Try it:
Your answer must consist of exactly the lines below, starting with the line with "- v patře - 60" and going on through the line with "3月8日上午,师生们首先来到", and nothing else.

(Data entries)
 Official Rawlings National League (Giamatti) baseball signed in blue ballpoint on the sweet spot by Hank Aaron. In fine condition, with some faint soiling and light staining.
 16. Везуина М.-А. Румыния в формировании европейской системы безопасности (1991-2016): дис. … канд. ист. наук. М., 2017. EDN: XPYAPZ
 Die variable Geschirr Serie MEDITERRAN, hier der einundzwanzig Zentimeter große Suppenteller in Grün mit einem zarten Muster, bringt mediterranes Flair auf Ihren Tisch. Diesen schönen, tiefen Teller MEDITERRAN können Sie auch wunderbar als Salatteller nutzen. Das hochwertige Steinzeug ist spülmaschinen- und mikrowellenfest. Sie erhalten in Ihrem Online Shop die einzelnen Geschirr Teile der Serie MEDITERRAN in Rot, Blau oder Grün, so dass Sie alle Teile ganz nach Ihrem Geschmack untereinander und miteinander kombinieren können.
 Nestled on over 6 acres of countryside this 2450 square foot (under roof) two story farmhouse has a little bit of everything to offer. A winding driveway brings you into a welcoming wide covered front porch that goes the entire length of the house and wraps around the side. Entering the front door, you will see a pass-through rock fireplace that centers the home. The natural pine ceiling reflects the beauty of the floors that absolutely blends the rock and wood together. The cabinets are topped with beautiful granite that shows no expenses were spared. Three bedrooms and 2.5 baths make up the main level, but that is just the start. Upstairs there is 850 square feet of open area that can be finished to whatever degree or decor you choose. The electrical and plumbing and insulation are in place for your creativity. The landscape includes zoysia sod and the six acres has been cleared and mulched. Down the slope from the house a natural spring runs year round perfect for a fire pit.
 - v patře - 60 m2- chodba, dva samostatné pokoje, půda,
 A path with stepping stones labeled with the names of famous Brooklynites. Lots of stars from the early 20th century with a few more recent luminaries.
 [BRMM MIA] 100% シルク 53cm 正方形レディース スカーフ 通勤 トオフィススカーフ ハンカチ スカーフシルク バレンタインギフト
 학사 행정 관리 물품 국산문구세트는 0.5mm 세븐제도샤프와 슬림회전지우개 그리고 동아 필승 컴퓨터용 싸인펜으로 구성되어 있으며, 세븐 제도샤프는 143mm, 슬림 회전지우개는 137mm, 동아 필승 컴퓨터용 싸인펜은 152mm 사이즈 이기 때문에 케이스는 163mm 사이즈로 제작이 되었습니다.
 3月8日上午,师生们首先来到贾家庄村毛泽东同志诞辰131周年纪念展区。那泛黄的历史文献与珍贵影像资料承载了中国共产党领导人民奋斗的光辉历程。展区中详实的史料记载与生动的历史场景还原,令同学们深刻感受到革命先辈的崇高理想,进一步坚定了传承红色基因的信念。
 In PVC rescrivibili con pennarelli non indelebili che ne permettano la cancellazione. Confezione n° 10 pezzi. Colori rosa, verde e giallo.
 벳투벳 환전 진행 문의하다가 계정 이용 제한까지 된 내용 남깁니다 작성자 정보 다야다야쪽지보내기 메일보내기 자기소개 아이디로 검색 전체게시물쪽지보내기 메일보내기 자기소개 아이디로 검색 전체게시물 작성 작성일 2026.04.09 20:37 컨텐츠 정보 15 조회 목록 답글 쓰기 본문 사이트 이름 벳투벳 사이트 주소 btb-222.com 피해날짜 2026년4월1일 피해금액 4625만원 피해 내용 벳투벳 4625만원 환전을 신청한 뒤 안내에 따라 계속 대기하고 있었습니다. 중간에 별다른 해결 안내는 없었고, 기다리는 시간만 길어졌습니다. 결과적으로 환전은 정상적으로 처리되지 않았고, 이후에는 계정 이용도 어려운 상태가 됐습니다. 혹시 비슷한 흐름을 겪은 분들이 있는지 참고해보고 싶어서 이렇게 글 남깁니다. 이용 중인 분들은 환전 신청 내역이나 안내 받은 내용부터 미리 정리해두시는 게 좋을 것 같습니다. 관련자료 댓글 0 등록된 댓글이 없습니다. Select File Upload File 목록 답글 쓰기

Response to this exercise:
 - v patře - 60 m2- chodba, dva samostatné pokoje, půda,
 A path with stepping stones labeled with the names of famous Brooklynites. Lots of stars from the early 20th century with a few more recent luminaries.
 [BRMM MIA] 100% シルク 53cm 正方形レディース スカーフ 通勤 トオフィススカーフ ハンカチ スカーフシルク バレンタインギフト
 학사 행정 관리 물품 국산문구세트는 0.5mm 세븐제도샤프와 슬림회전지우개 그리고 동아 필승 컴퓨터용 싸인펜으로 구성되어 있으며, 세븐 제도샤프는 143mm, 슬림 회전지우개는 137mm, 동아 필승 컴퓨터용 싸인펜은 152mm 사이즈 이기 때문에 케이스는 163mm 사이즈로 제작이 되었습니다.
 3月8日上午,师生们首先来到贾家庄村毛泽东同志诞辰131周年纪念展区。那泛黄的历史文献与珍贵影像资料承载了中国共产党领导人民奋斗的光辉历程。展区中详实的史料记载与生动的历史场景还原,令同学们深刻感受到革命先辈的崇高理想,进一步坚定了传承红色基因的信念。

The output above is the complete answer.